Reputation: 2936
I have an 16bit big endian unicode string represented as u'\u4132'
,
how can I split it into integers 41 and 32 in python ?
Upvotes: 12
Views: 57842
Reputation: 1593
Pass the unicode character to ord()
to get its code point and then break that code point into individual bytes with int.to_bytes()
and then format the output however you want:
list(map(lambda b: hex(b)[2:], ord('\u4132').to_bytes(4, 'big')))
returns: ['0', '0', '41', '32']
list(map(lambda b: hex(b)[2:], ord('\N{PILE OF POO}').to_bytes(4, 'big')))
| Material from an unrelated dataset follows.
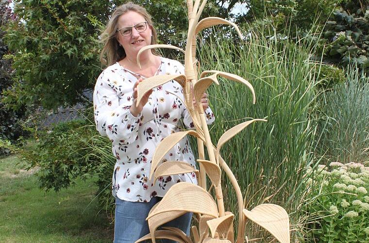 Schwer zu sagen, was ihr liebstes geflochtenes Teil sei, erklärte die Lichtenfelserin, die von 1994 bis 1996 einmal Korbstadtkönigin war. Das ist lange her und spielt heute in ihrem Leben keine große Rolle mehr. "Es war gut, aber es ist rum." Als Königin sollte doch in erster Linie die jeweils amtierende wahrgenommen werden, findet Birgit Hucke. Der 40. Korbmarkt 2019 war allerdings Anlass, zurückzublicken und an die Vorgängerinnen von Alicia I., die heute das Amt innehat, zu erinnern. Und als man sich so Gedanken über eine mögliche Jubiläumsaktion machte, da kam eben jener Flechtbaum ins Spiel. Nach dessen Vorbild entstand dann in mehreren Zusammenkünften der "Königinnenbaum", an dem sich alle "Ehemaligen" mit einem selbst geflochtenen Blatt unter Anleitung von Manfred Popp "verewigten". Der Baum wurde in der Ausstellung "40 Jahre Korbmarkt" gezeigt, bleibt in städtischer Hand und darf noch wachsen: Es ist vorgesehen, ihn von jeder neuen Korbstadtkönigin um ein Blatt samt entsprechender Namensplakette ergänzen zu lassen. Ein Stück von bleibendem Wert also. Und für Birgit Hucke wieder mal ein Anknüpfungspunkt, der sie mit dem Handwerk in Verbindung gebracht hat. Im klassischen Sinne erlernt hat sie es freilich nie, aber sie traut sich zu, etwas Geflochtenes zustande zu bringen. Keine Frage, dass der Vater dabei der schärfste Kritiker wäre. Beim Ausflechten "ihres" Blattes am "Königinnenbaum" war das nicht anders: "Da ist schon sehr drauf geguckt worden", sagt sie mit einem Schmunzeln.

returns: ['0', '1', 'f4', 'a9']
As I have mentioned on another comment, encoding the code point to utf16 will not work as expected for code points outside the BMP (Basic Multilingual Plane) since UTF16 will need a surrogate pair to encode those code points.
Upvotes: 0
Reputation: 41625
"\u4132".getBytes("UTF-16BE")
u'\u4132'.encode('utf-16be')
'\u4132'.encode('utf-16be')
These methods return a byte array, which you can convert to an int array easily. But note that code points above U+FFFF
will be encoded using two code units (so with UTF-16BE this means 32 bits or 4 bytes).
Upvotes: 4
Reputation: 90752
Here are a variety of different ways you may want it.
Python 2:
>>> chars = u'\u4132'.encode('utf-16be')
>>> chars
'A2'
>>> ord(chars[0])
65
>>> '%x' % ord(chars[0])
'41'
>>> hex(ord(chars[0]))
'0x41'
>>> ['%x' % ord(c) for c in chars]
['41', '32']
>>> [hex(ord(c)) for c in chars]
['0x41', '0x32']
Python 3:
>>> chars = '\u4132'.encode('utf-16be')
>>> chars
b'A2'
>>> chars = bytes('\u4132', 'utf-16be')
>>> chars # Just the same.
b'A2'
>>> chars[0]
65
>>> '%x' % chars[0]
'41'
>>> hex(chars[0])
'0x41'
>>> ['%x' % c for c in chars]
['41', '32']
>>> [hex(c) for c in chars]
['0x41', '0x32']
Upvotes: 19
Reputation: 46745
"Those" aren't integers, it's a hexadecimal number which represents the code point.
If you want to get an integer representation of the code point you need to use ord(u'\u4132')
if you now want to convert that back to the unicode character use unicode()
which will return a unicode string.
Upvotes: 2